It’s always a difficult issue this one – should we revert to Greenwich Mean Time, as we have just done this last night and so by “gained” an hour, or should we continue year round in British Summer Time, one hour in advance of GMT?
It set me thinking about just what effect this has on us here on the farm. Guided by the clock, we get up about 6.30am but have had to wait recently until later each morning before we can feed the animals. Before about 7.45am they are still fast asleep. However, this year, we have no children to get up for school and no frantic scramble to get animals fed before bundling boys into the car. Not quite such a mad rush therefore and we have waited a little longer without anxiety. While this means a slightly more leisurely start in the mornings it does make for a shorter day since I was then not finishing feeding until 9am-ish. Normally, with children on a tight morning schedule, this would have been impossible without my husband doing the school run.

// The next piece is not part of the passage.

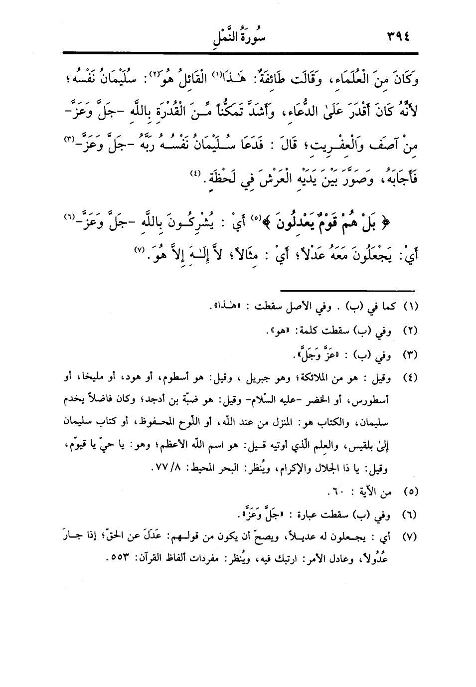 وَكَانَ من الْعلمَاء، وَقَالَت طَائِفَة: هَذَا الْقَائِل هُوَ: سُلَيْمَان نَفسه، لِأَنَّهُ كَانَ أقدر على الدُّعَاء، وَأَشد تمَكنا من الْقُدْرَة بِاللَّه - جلّ وَعز - من آصف والعفريت، قَالَ: فَدَعَا سُلَيْمَان نَفسه ربه - جلّ وَعز - فَأَجَابَهُ، وصور بَين يَدَيْهِ الْعَرْش فِي لَحْظَة. {بل هم قوم يعدلُونَ} أَي: يشركُونَ بِاللَّه - جلّ وَعز - أَي: يجْعَلُونَ مَعَه عدلا، أَي: مِثَالا، لَا إِلَه إِلَّا هُوَ.

At the end of the day it has been easy to go out in the afternoon and get back in good time to feed the animals. From today, if I spend the afternoon weaving at Coldharbour Mill, I shall have to make a mad dash back to feed the goats during the day light. If I get back “when it’s dimpsy” – to use a Devon word ( “getting dark”), the goats are settling down for the night. I will not feed in the dark by putting on artificial light. Once the goats are in kid, as they soon will be I hope, I follow a fairly strict policy of natural daylight only except during an emergency. This continues of course when the sheep come in for shearing at Christmas. So far the policy has served me well with the vast majority of goat kids and lambs born during daylight hours.
I suppose this just reinforces the fact that, whatever we as humans ordain in society, the animals work to a different rhythm and for those that work with them the odd hour here or there is an inconvenience we must live with.
The goats and sheep get up with the sun and go to bed with the sun. Seeing them come into the barn in the evening, have a mouthful of good hay and then settle down sleepily with their family of last year’s kids is always an enormous pleasure. Likewise I love to see who is late getting up in the mornings. There are several animals which consistently make my heart skip a beat when I go down to them first thing. They are laid out flat, not moving, while others are eating, stretching and moving about. Fearing the worst I inevitably get caught out when I approach and they leap up, startled out of deep sleep!
I often wonder how things were here for farmers in earlier times. Daylight Saving was introduced in 1916, the middle of the First World War, largely to help conserve precious coal stocks. I imagine it made not a scrap of difference to the farmer here. Even his children, walking the 2 miles along the valley bottom to Oakford Village School, would have gone off by themselves and returned the same way. He and his workers would have gone on at the same time and pace as before. So not much has changed really – has it?